What we get every two years is the same emotional appeal blather, a veritable slathering, gushy and slobbering “Love-In.” The candidates all seem driven to exclaim two major themes of the election cycle festival: (A) They love Laguna and (B) They would love to serve Laguna. They persuade us by repeating variations of these two elements ad nauseum.

C’mon, everybody loves Laguna or they wouldn’t be living here. Being here isn’t karmic punishment, this is nirvana compared to most places. So (A) is a “gimme,” a foregone conclusion, a given.

As for (B), muttering that they want to serve you ... well, if you believe that being indisputably in charge of your city, sitting up there on the dais like authoritative feudal dukes and duchesses, is submissive, then every two years you probably buy that whimsical and shallow item from their shopping cart.

No offense to the recently departed Whitney Houston or the writer of that song “I Will Always Love You,” (Dolly Parton) but I was sick of hearing the tune after it was literally played to death back in 1992. Regardless, Laguna council candidates will run a close second in the scramble to out-love the others.

Houston’s recent demise only gave me (as Yogi Berra said) déjà vu all over again, as anyone with their TV on had to go through that brand of Chinese water torture relentlessly for days on end—which I guess is proof that cruel and unusual punishment is alive and well in America, both on the airwaves and now, unfortunately, I expect in our upcoming City Council race. And the next one. And the one after that.

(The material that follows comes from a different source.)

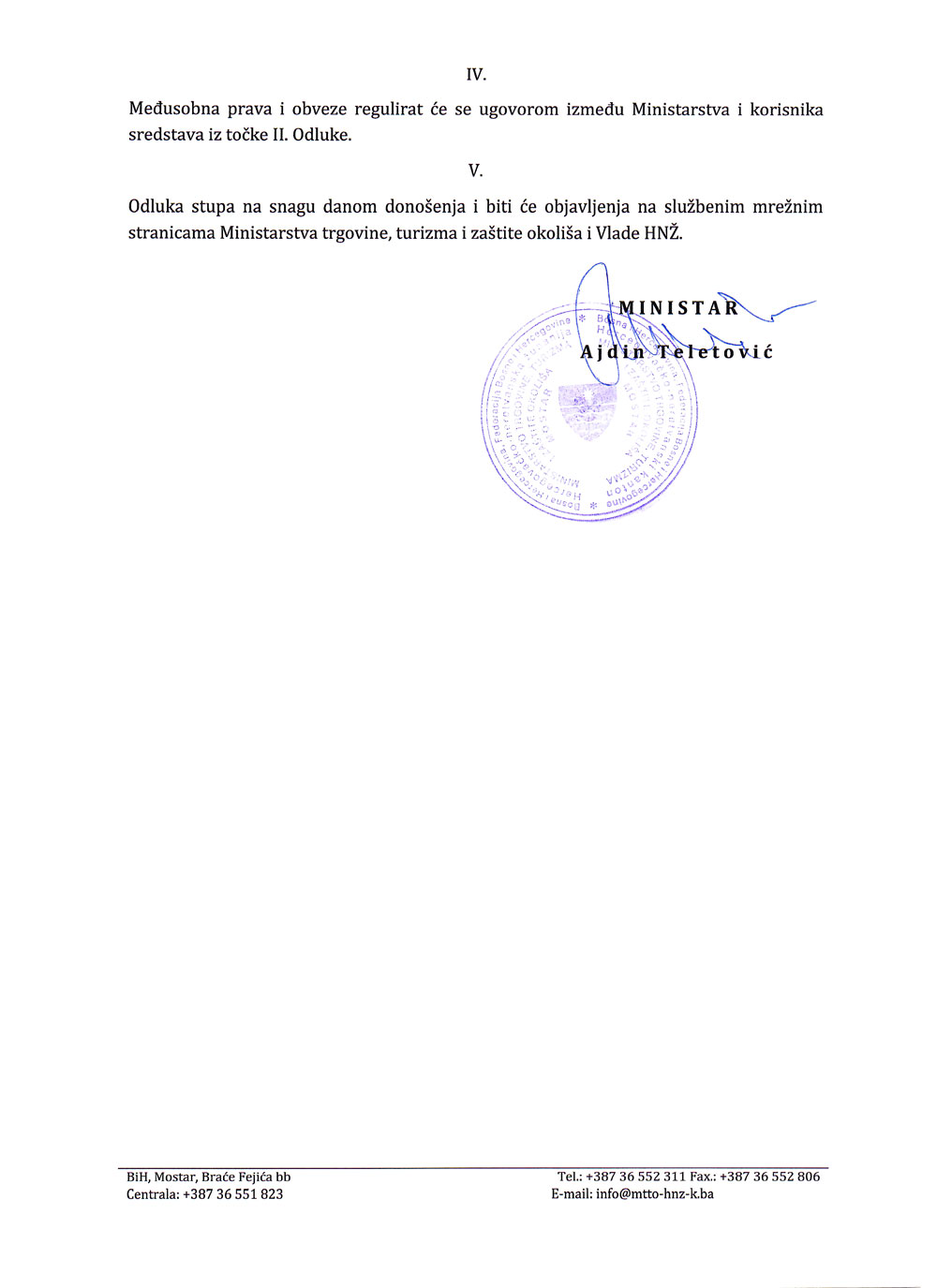 Ministarstvo trgovine, turizma i zaštite okoliša HNŽ donijelo je Odluku o izboru korisnika sredstava „Transfer neprofitnim organizacijama“ utvrđenih Proračunom za 2019. godinu.

First off, most of our candidates will reveal little if any degree of separation, their differences buried by the forum format. Might as well have robots up there, nothing dramatic is really going to happen, the forums are about as exciting as watching paint dry—or another one of the interminable Council meetings we observe being broadcast on COX, if we’re insomniacs seeking a snooze.

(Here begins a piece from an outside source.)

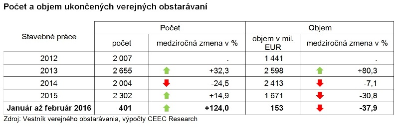V období od januára do februára 2016 vyhlásili investori 1 451 verejných obstarávaní na stavebné práce v celkovej hodnote 306 miliónov EUR. To predstavuje vôbec najvyšší počet v prvých dvoch mesiacoch za posledné štyri roky, teda za sledované obdobie. Ide však prevažne o malé zákazky. Pokračuje tiež zvýšená aktivita investorov v ukončovaní verejných obstarávaní. Konkrétnym stavebným firmám bolo zadaných 401 zákaziek v celkovej hodnote 153 miliónov EUR. Vyplýva to z najnovšej analýzy spracovanej analytickou spoločnosťou CEEC Research na základe údajov poskytnutých Úradom pre verejné obstarávanie ku koncu februára 2016.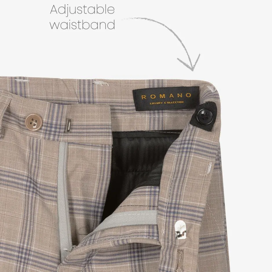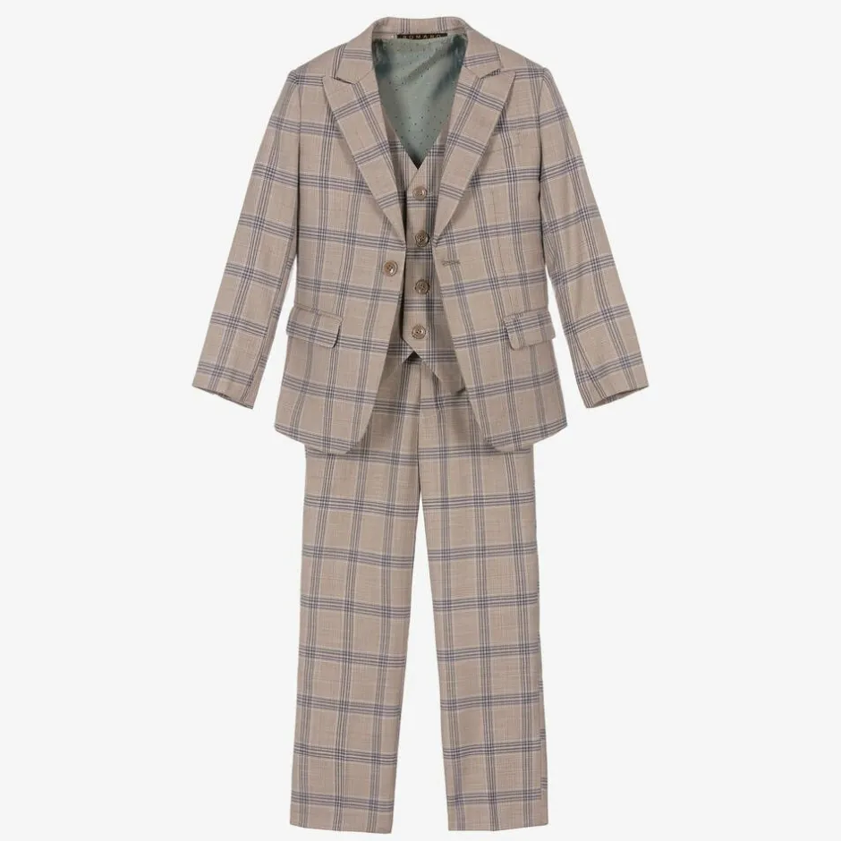 In a beige and blue check, this hand-tailored suit for boys is by British brand Romano. Suitable for a formal occasion, this smart suit comprises a blazer jacket, trousers and waistcoat. Super comfortable to wear, it woven in a soft viscose blend and lined in silky satin for a luxurious feel. The jacket is vented at the back for ease of movement and the trousers have an adjustable waist for an ideal fit.

Hey, come to think of it, maybe THAT’S where they learned to be so beige, so Pablum® bland, where they were indoctrinated into the “go along to get along” cloned homogeneity that they then take into Chambers if seated ...

A debate, on the other hand, with its tooth, fang and claw potential, its openness to actual live interactive discussion of issues, is priceless. With a fact-checking, truthiness/oversight ombudsman ready at hand during the discourse, we could see up close and immediately if these people have a clue. Instead, everything they say will go unchallenged.

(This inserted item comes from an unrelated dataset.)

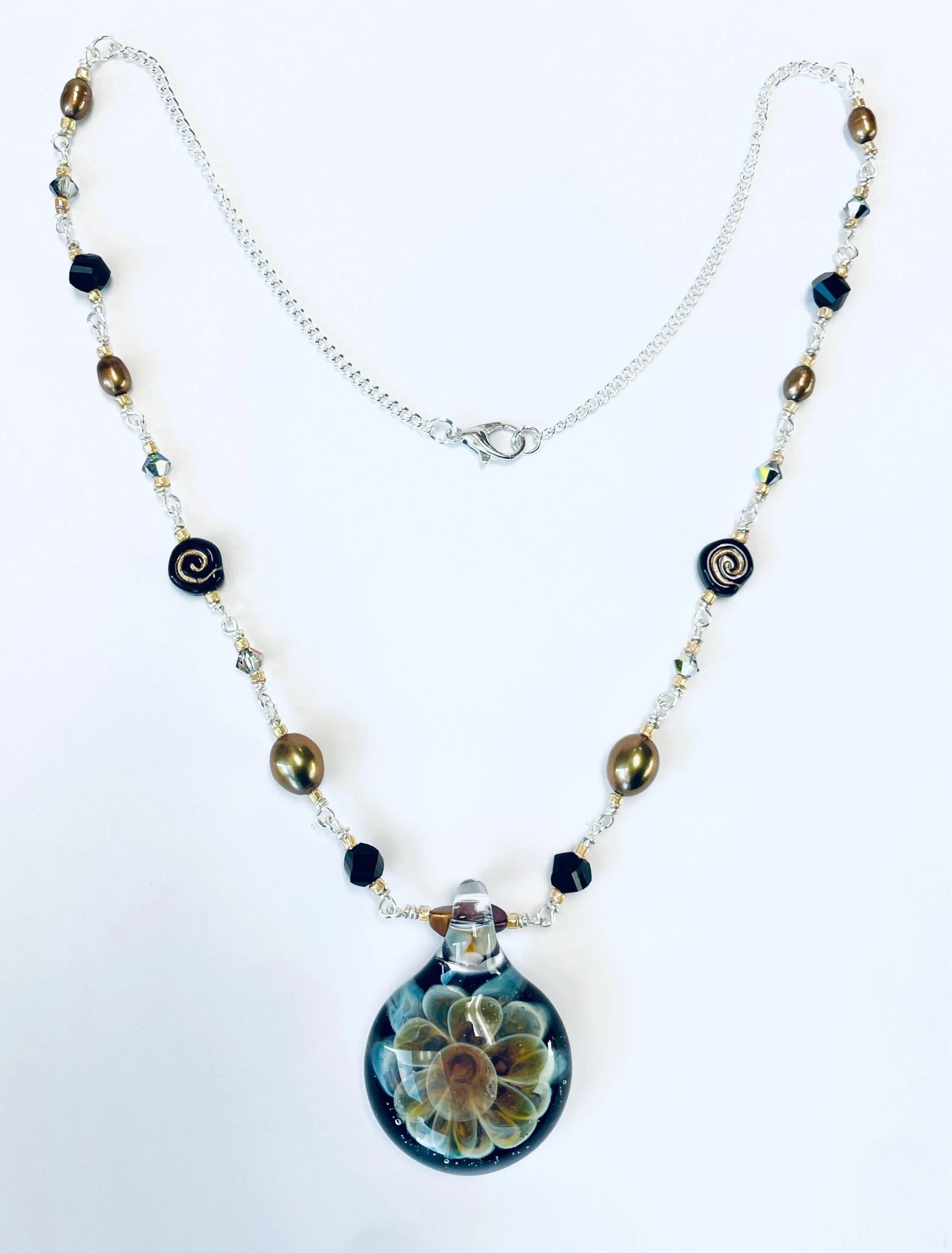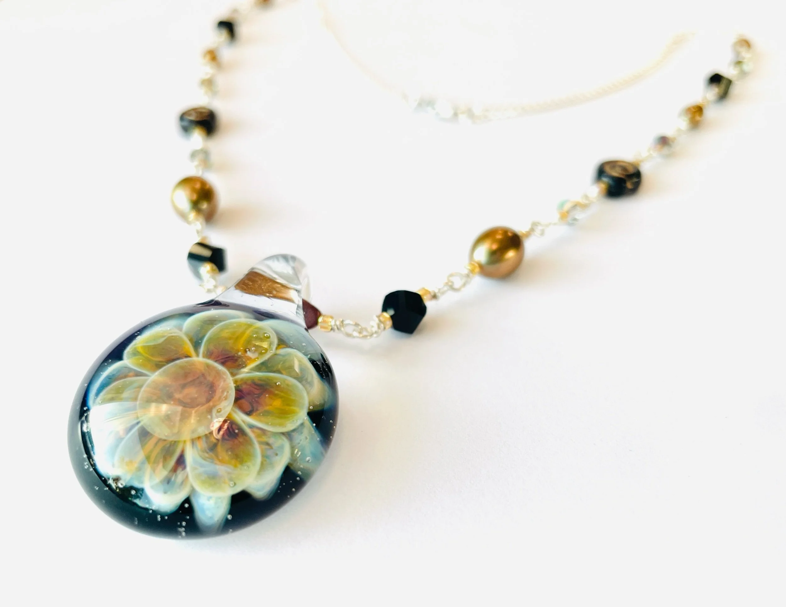 Image 1 of 2 Image 2 of 2 Glass Flower $69.99 Freshwater Pearl, Hematite, Swarovski Crystal, and Glass Flower. Quantity: Purchase Added! Freshwater Pearl, Hematite, Swarovski Crystal, and Glass Flower.

We’d learn something, anything other than mindless, endless mouthing reflecting the mantras of (A) and (B) above. Or reading them redundantly as regurgitated by what hysterically passes for local media scrutiny.

I haven’t seen too much of what we were taught back in philosophy classes as “superior context” or “framing of issues” that debates require. No, mostly it’s just posturing, no intelligent persuading because the forum hosts and moderators don’t demand even a modicum of contestation. And the “house” is usually packed with shills and sycophants. If anything, confrontation is frowned upon.

Like a gang of Newt Gingrich progeny, usually there’s an agreement to avoid personal clashes—shame, shame on them if they stoop, dirty politics is derisively frowned upon. But isn’t that what politics is, bare-knuckle fighting, no-holds-barred, and in the heat of exposure and pressure things emerge that wouldn’t otherwise? How in the hell can you tell them apart without a scorecard?